ブッシュ大統領は三十日、捜査が始まったことを認め、「これはよいことだ」と述べ、この問題をめぐり「政権のだれが漏えいしたのかは分からない」と言明しました。
捜査の対象となったのは、ホワイトハウスの高官が、CIA諜報員の名を一部の米報道機関に漏らしたことです。
米メディアの報道によれば、イラクのフセイン前政権が西アフリカのニジェールでウランを調達しようとしているとされた問題を調査したウィルソン前駐ガボン大使は、そのような証拠はないと報告しました。
にもかかわらず、ブッシュ大統領が一般教書演説で虚偽の指摘をしたため、同氏は政府を批判。その後、ウィルソン氏への報復としてホワイトハウスの高官が、ウィルソン氏の夫人がCIAの諜報員だとの機密情報を報道機関に漏らしたとされる問題です。
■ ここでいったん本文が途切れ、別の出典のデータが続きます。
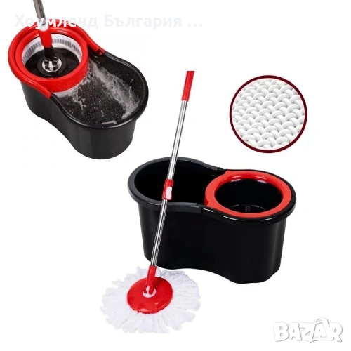 Предтавяме ви последният модел въртящ се моп, заедно с алуминиева центрофуга за пране и кофа в комплект Spin Mop. Включва подочистачка с автоматизирана въртяща система и центрофуга в кофата за почистване и сушене на микрофибърна подложка. Със своята революционна 360 ° въртяща се микрофибърна подложка и мощна система за завъртане, не се налага докосването на замърсената подложка. С натискане на дръжката, микрофибърната глава автоматично се завърта, като водата и мръсотията се отделят. Spin Mop e с подвижна до 90 градуса дръжка и 360 градуса въртяща глава, с която с лекота почиствате и най-трудно достъпните места. След почистването микрофибърната подложка се отделя от 360 градусовата въртяща глава и може да бъде изпрана в пералня за многократна употреба. Улеснете почистването у дома със Spin Mop.
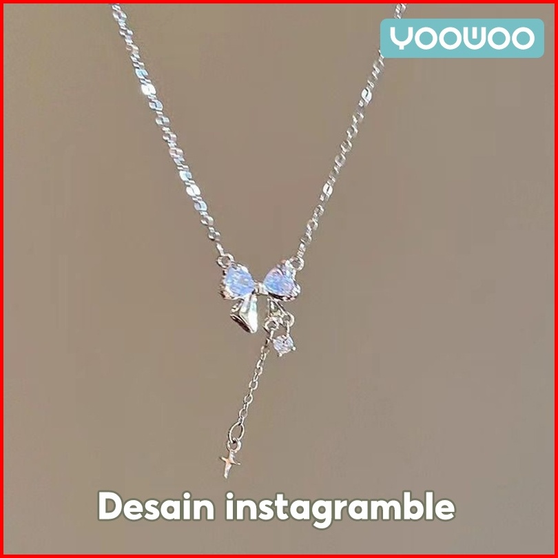 Yoowoo Kalung Alloy Wanita Korea Kalung Perak Necklace Fashion Anti Karat Berlian Kalung Wanita Elegan Terbaru 2025
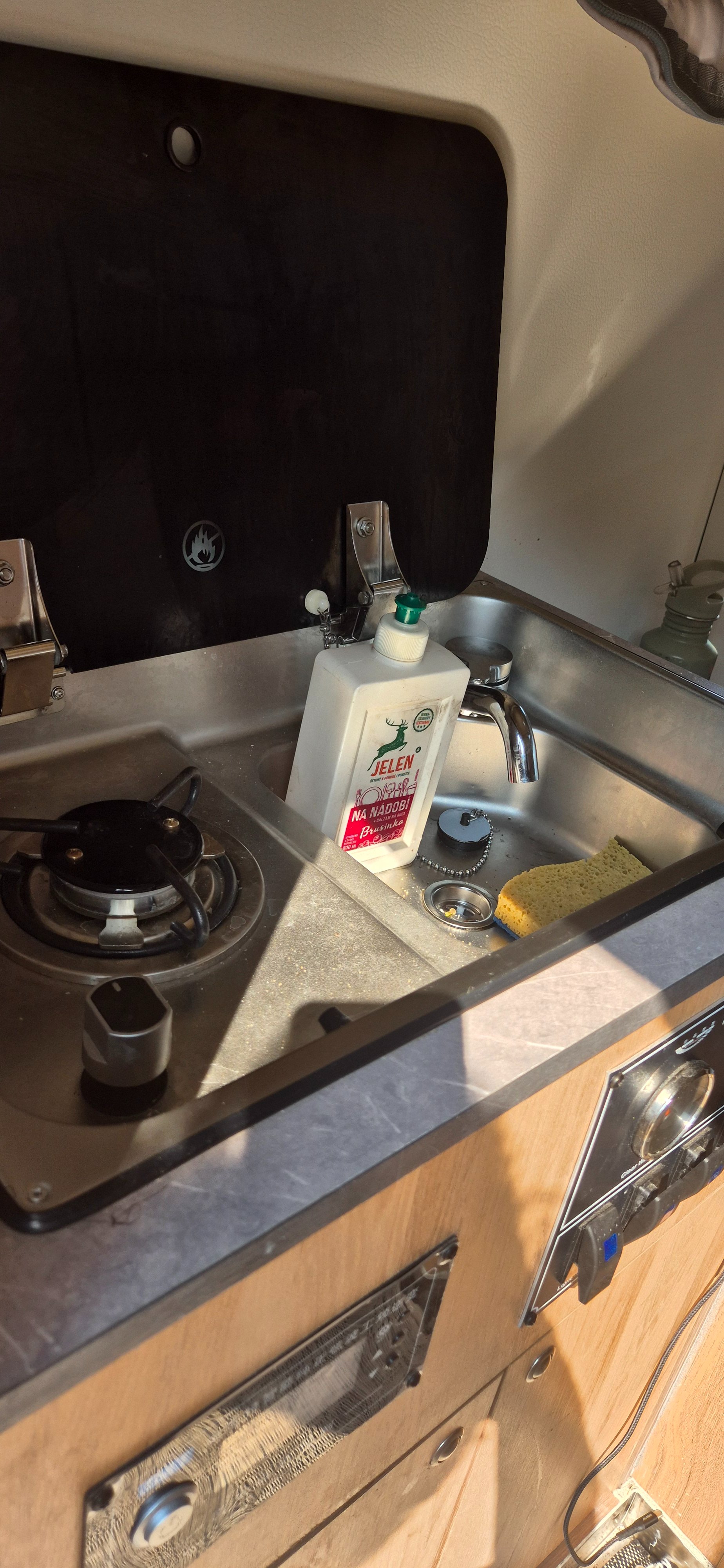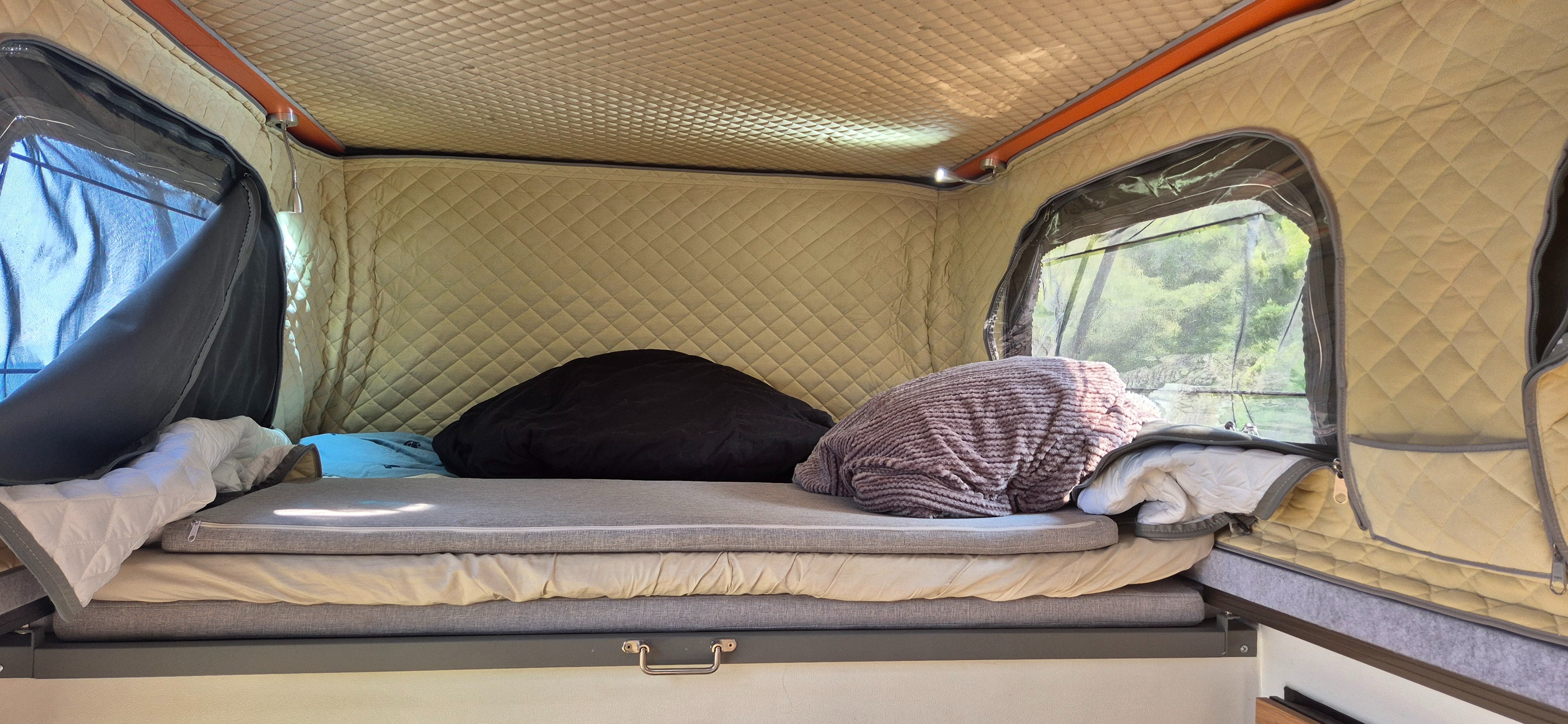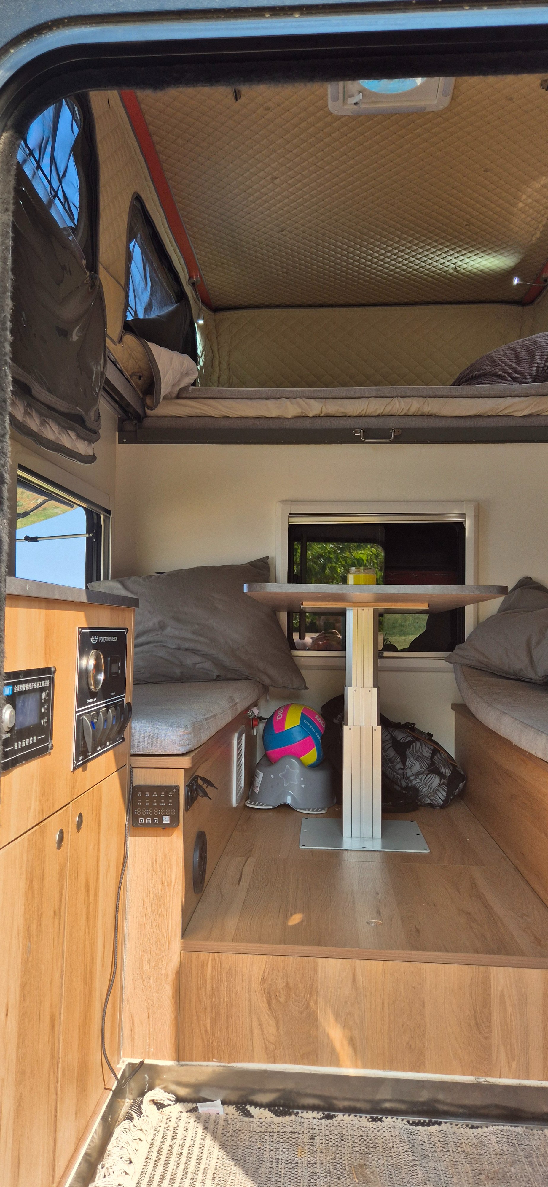 Je tam bordel. Jsme pryč. Takže jsou tam 600w solary, 200amp baterie 2000w měnič napětí. Led svetla, vetrak který funguje i jako digestoř. Postel nahore 2x1,8m druhá dole 1,5x1,8m (rozlozitelna na stul), plynový sporák s umyvadlem, vnitřní sprcha....

同疑惑が事実ならば、連邦情報保護法に違反し、十年以下の懲役となります。現在までに疑惑の人物として名前があがっているのは、テキサス州知事時代からのブッシュ氏の側近中の側近でブレーンのカール・ローブ大統領上級顧問。政権の中枢を担う人物の疑惑は、イラク侵攻・復興をめぐり批判が高まっているブッシュ政権にとって重大な痛手となる可能性があります。